I’m worried about the future of the Republican Party.

Oh, I know, it’s hard to believe that a lopsided liberal like me would fret about the plight of the GOP. And I suppose I’m not fretting. After all that Newt Gingrich, George W. Bush, Dick Cheney and the Republican congresses have wrought these last 15 years, I sure don’t want to see them return to power anytime soon. But I am worried.

The national Republican Party finds itself bereft of leadership - save that of a thoroughly discredited ex-vice president and the radio gabber Rush Limbaugh.

Republican moderates despair. There were, after the elections of 2006 and 2008, only three of them left in the United States Senate, perhaps a half-dozen in the U.S. House. Last month, one of those in the Senate, Arlen Specter of Pennsylvania, announced himself a Democrat.

Indeed, the last two national elections have proven disastrous for Republicans, resulting in a loss of 51 seats in the House, 13 in the Senate, and - of course - the presidency.


What’s left of the congressional GOP hails primarily from the South and the West. And it is staunchly, often irrationally, conservative. In an April 29 op-ed column in the New York Times, Maine’s Olympia J. Snowe, one of the two Republican moderates left in the Senate, attributed Specter’s defection to the Democrats to the GOP’s “devaluation of diversity with the party.”

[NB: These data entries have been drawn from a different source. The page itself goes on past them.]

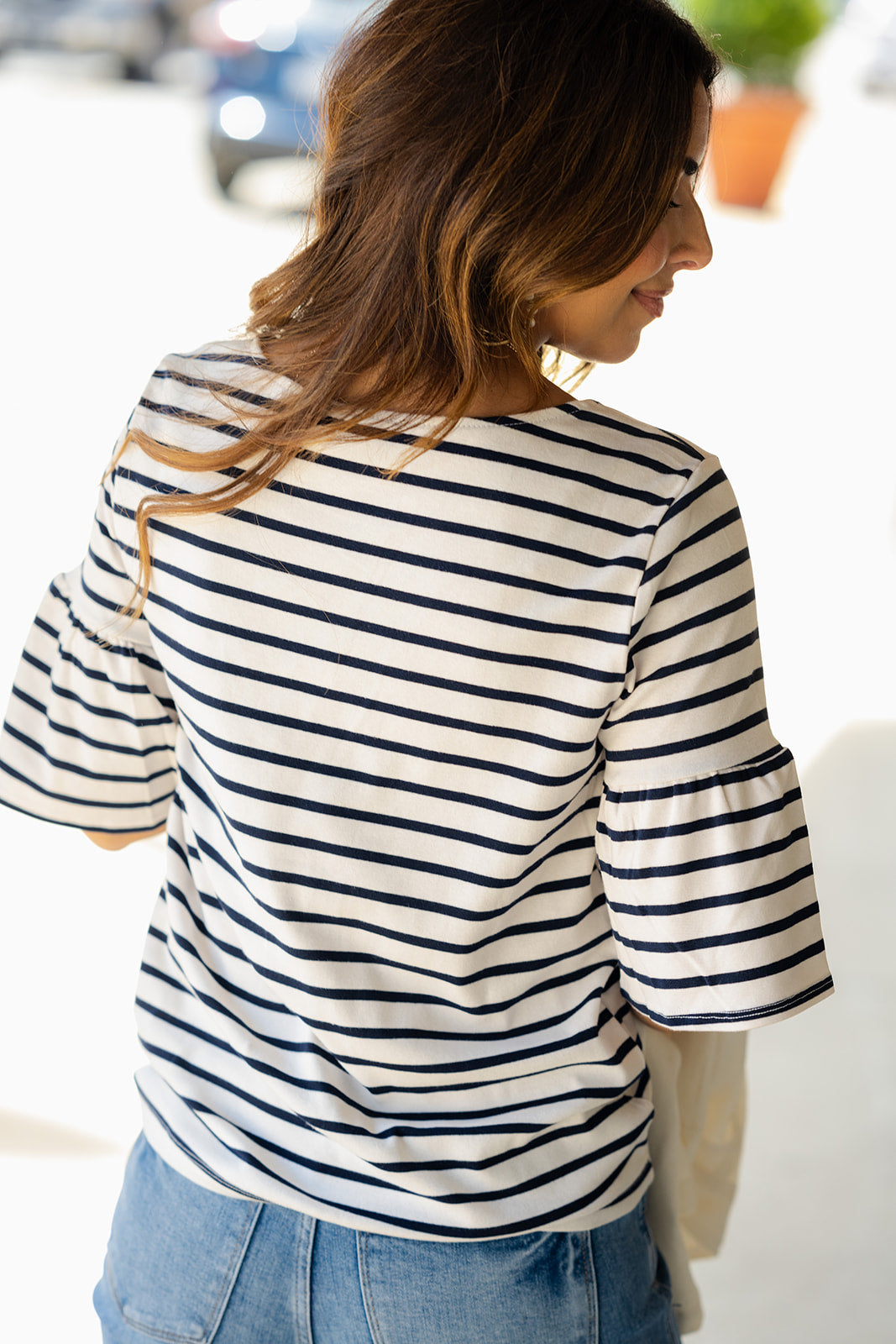 A soft and lightweight long-sleeve tee! The classic stripes are elevated with bell sleeves to set this apart from the rest! Pair with shorts or a skirt in the warmer months or your favorite denim, joggers, or our Betsey's Jeggings in the cooler ones! Just add your favorite accessories to tie the whole look together!
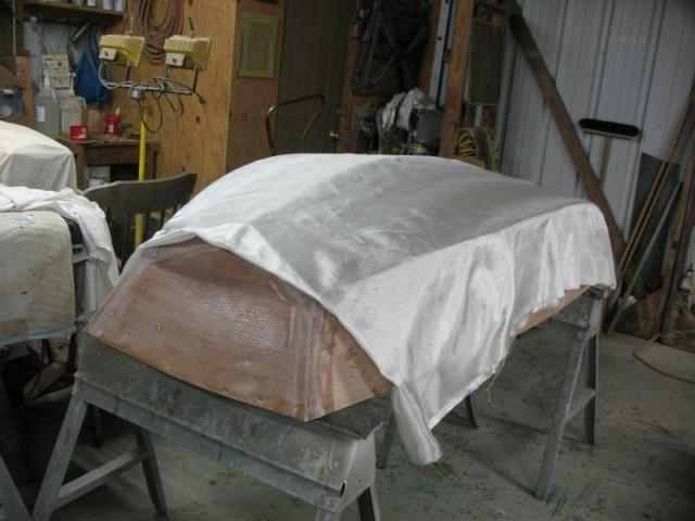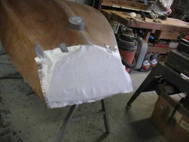 I laid out the glass for the bow, and stern, after feathering the edges of the glass on the bottom and sides.
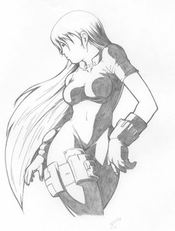 Inked drawing I made in 2000, of a girl in a capsule, DBZ style__________________________________________
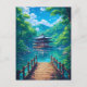 Step into a world of breathtaking tranquillity with this vibrant, anime-inspired Japanese landscape art print. This stunning piece captures a picturesque wooden pagoda nestled over a sparkling, azure lake, surrounded by a lush, emerald forest.
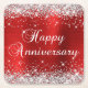 Sparkly Silver Glitter Red Foil Happy Anniversary Square Paper Coaster
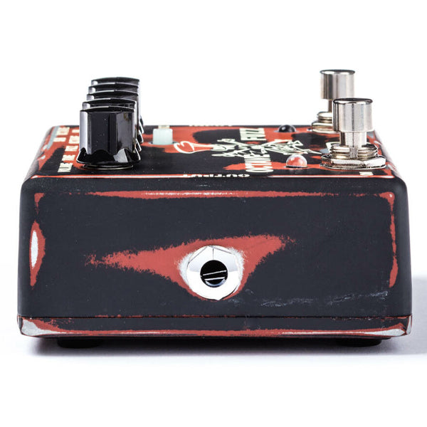Two legendary and timeless icons of rock music—Slash and MXR—have teamed up to deliver the Slash Octave Fuzz. It features a searing Fuzz tone coupled with a separate Sub Octave voice and an Octave Up Fuzz, all for thickening up your tone with a sinister growl. With an array of external and internal controls, there are numerous ways to combine the main Fuzz effect’s thick ’70s shag and the chainsaw grind of the Octave Up Fuzz with the warm growl of the Sub Octave. Internal Gain and Tone pots shape the Octave Up Fuzz effect. Featuring custom Slash artwork and a distressed hot-rod paintjob, the Slash Octave Fuzz features all-analog circuitry, true hardwire bypass, and comes in a heavy-duty housing with durable jacks and switches.

She went on to argue that “there is no plausible scenario under which Republicans can grow into a majority while shrinking our ideological confines and continuing to retreat into a regional party. Ideological purity is not the ticket back to the promised land of governing majorities - indeed, it was when we began to emphasize social issues to the detriment of some of our basic tenets as a party that we encountered an electoral backlash.”

Snowe’s moderate Republican Senate colleague from Maine understands this. When Susan Collins helped negotiate President Barack Obama’s stimulus package and joined Snowe and Specter in voting for it, she received no end of criticism from her conservative Republican colleagues. Collins explained herself simply: “People don’t want us to be the party that just says no, just no.”

But that is the path members of the national Republican Party have chosen to follow since the elections of 2008 (and one might argue, long before). Obama’s attempts to reach out to Republicans have left him staring at his empty, proffered hand. Republicans have responded with “no, just no.”

They’ve also returned to preaching the gospel of “Read my lips: no new taxes” - the gospel message of Gov. Linda Lingle’s veto rally at the Capitol last month in which she struck down two Democratic tax measures that would have impacted only the wealthiest among us, one that would be paid largely by visitors, and a fourth that would cost those among us who chew tobacco - that’s right, who chew tobacco.

And the Republican insistence on putting social issues at the core of their ideology was also on display this past legislative session. In the debate over civil unions, Republican legislators unanimously said “no.” To be sure, their tone was sometimes gentle, but in other instances it was snide or derisive. In other words, uncivil to the core.


In the optimistic Republican mini-surge of the late ‘90s, many of us thought the local GOP might, just might, achieve a majority in at least one house of the Legislature. It didn’t happen. In a booming economy, a moderate Linda Lingle won two terms as governor, but neither she nor the Republican faithful have been able to fashion anything close to a legislative majority. At last count, six Republicans serve in the 51-member state house, two in the 25-member state Senate.

Those Republicans who remain in office blame their plight on Hawaii’s plantation past, on the power of Hawaii’s unions, on the “liberal media,” on the stupidity of the voter.

Instead, they might consider their insistence on “shrinking their ideological confines” and their propensity for saying “no, just no.”